EXERCISE: Could the data below be retyped exactly, without its pictures?
:: DATASET EXTRACT ::
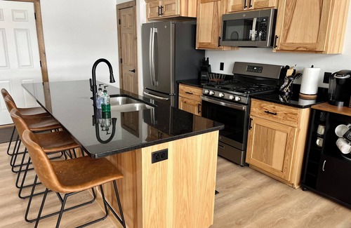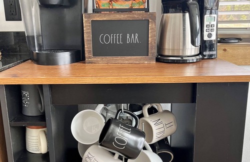 Kitchen - Fully equipped with newer LG appliances including gas range, dishwasher, and large fridge. Large island that seats 4. Coffee bar with drip coffee maker (ground coffee included).
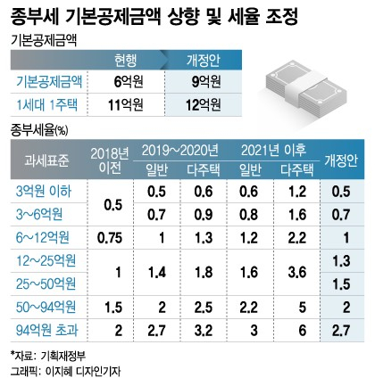 또 정부는 주택가격 상승을 반영해 종부세 기본공제금액을 기존 6억원에서 9억원으로 상향 조정했다. 기본공제금액이 상향된 것은 2005년 종부세 도입이후 처음이다. 1세대 1주택자에 적용되는 기본공제금액은 기존 11억원에서 양도소득세 고가주택 기준과 동일한 12억원으로 상향한다.
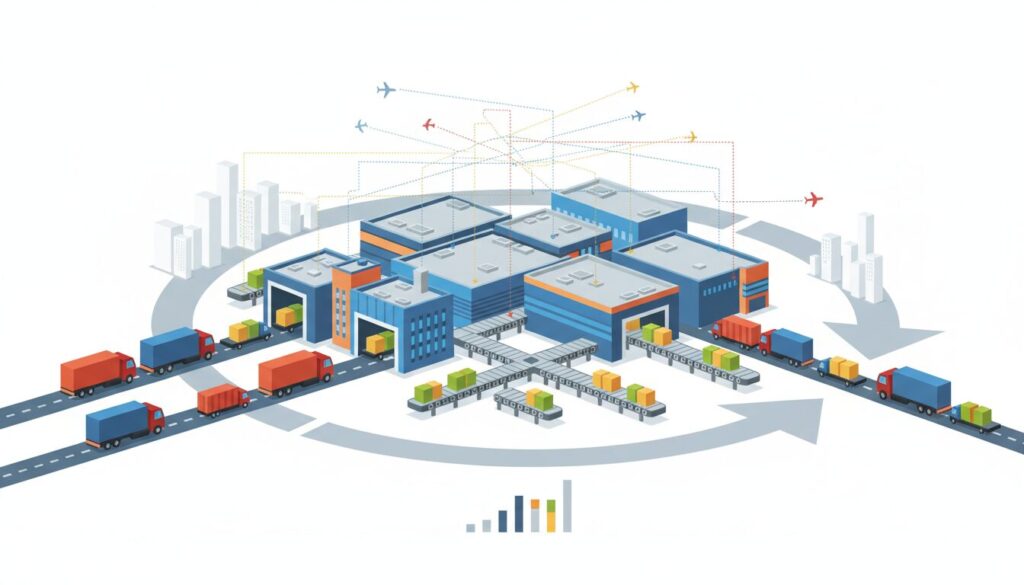 サプライチェーンマネジメント(SCM)の再構築において、配送拠点をどのように配置するかは物流部門の責任者が最も頭を悩ませる経営課題です。本セクションでは、まず物理的な施設としての「物流ハブ(拠点)」と、配送ネットワークの戦略としての「ハブ&スポーク」を明確に定義し、現場でどのようなオペレーションが展開されているのかを紐解きます。
:::
ANSWER:
 Kitchen - Fully equipped with newer LG appliances including gas range, dishwasher, and large fridge. Large island that seats 4. Coffee bar with drip coffee maker (ground coffee included).
 또 정부는 주택가격 상승을 반영해 종부세 기본공제금액을 기존 6억원에서 9억원으로 상향 조정했다. 기본공제금액이 상향된 것은 2005년 종부세 도입이후 처음이다. 1세대 1주택자에 적용되는 기본공제금액은 기존 11억원에서 양도소득세 고가주택 기준과 동일한 12억원으로 상향한다.
 サプライチェーンマネジメント(SCM)の再構築において、配送拠点をどのように配置するかは物流部門の責任者が最も頭を悩ませる経営課題です。本セクションでは、まず物理的な施設としての「物流ハブ(拠点)」と、配送ネットワークの戦略としての「ハブ&スポーク」を明確に定義し、現場でどのようなオペレーションが展開されているのかを紐解きます。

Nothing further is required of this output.